**WHAT THE TASK REQUIRES**
Return the following from the records below: each line, word for word, starting with the line that contains "vessels. | 7 |" and going on through the line that contains "Connor Young’s only", with nothing outside that range.

**DATA SUPPLIED**
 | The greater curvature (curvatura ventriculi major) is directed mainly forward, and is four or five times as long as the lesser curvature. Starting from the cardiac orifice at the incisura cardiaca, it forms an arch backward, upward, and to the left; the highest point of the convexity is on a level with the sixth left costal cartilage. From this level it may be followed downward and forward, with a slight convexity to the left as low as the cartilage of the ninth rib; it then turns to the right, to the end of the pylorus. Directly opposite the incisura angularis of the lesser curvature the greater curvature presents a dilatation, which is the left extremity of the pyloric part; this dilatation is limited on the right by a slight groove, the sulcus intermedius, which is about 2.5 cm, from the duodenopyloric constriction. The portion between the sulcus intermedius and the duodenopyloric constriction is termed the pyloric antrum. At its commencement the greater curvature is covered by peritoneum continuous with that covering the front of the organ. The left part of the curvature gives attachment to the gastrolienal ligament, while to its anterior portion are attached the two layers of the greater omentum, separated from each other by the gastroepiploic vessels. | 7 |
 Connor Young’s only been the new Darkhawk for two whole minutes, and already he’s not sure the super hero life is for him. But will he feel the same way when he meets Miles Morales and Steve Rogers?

--

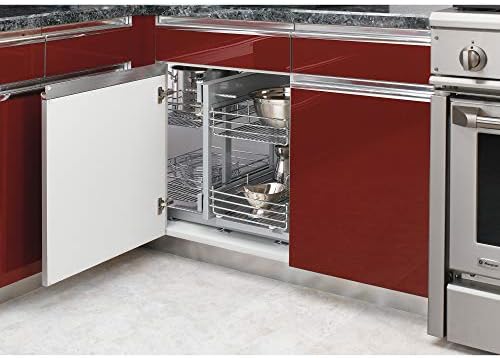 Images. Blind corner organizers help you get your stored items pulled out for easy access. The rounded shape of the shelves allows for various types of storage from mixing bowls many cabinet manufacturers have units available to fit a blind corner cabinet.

---

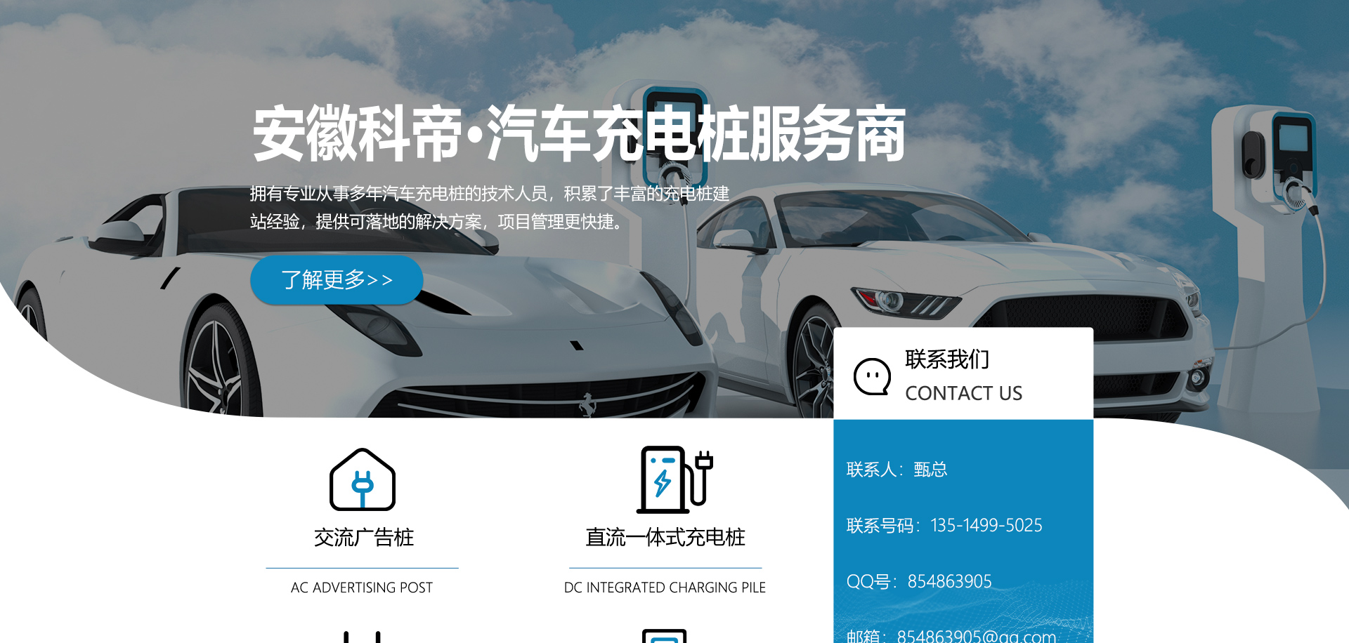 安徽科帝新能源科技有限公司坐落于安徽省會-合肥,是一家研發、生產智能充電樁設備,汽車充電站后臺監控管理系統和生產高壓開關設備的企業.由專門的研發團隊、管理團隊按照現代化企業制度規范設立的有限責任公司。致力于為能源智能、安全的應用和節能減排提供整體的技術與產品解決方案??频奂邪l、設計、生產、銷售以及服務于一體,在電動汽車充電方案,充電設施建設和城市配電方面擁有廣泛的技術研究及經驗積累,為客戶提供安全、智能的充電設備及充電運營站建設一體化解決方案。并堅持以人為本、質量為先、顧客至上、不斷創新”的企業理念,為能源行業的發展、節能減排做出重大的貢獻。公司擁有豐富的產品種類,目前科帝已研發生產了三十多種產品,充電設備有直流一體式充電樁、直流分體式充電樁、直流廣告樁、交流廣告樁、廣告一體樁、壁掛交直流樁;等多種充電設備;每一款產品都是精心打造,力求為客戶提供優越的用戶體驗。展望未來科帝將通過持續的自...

**ANSWER FOR THE TASK**
 | The greater curvature (curvatura ventriculi major) is directed mainly forward, and is four or five times as long as the lesser curvature. Starting from the cardiac orifice at the incisura cardiaca, it forms an arch backward, upward, and to the left; the highest point of the convexity is on a level with the sixth left costal cartilage. From this level it may be followed downward and forward, with a slight convexity to the left as low as the cartilage of the ninth rib; it then turns to the right, to the end of the pylorus. Directly opposite the incisura angularis of the lesser curvature the greater curvature presents a dilatation, which is the left extremity of the pyloric part; this dilatation is limited on the right by a slight groove, the sulcus intermedius, which is about 2.5 cm, from the duodenopyloric constriction. The portion between the sulcus intermedius and the duodenopyloric constriction is termed the pyloric antrum. At its commencement the greater curvature is covered by peritoneum continuous with that covering the front of the organ. The left part of the curvature gives attachment to the gastrolienal ligament, while to its anterior portion are attached the two layers of the greater omentum, separated from each other by the gastroepiploic vessels. | 7 |
 Connor Young’s only been the new Darkhawk for two whole minutes, and already he’s not sure the super hero life is for him. But will he feel the same way when he meets Miles Morales and Steve Rogers?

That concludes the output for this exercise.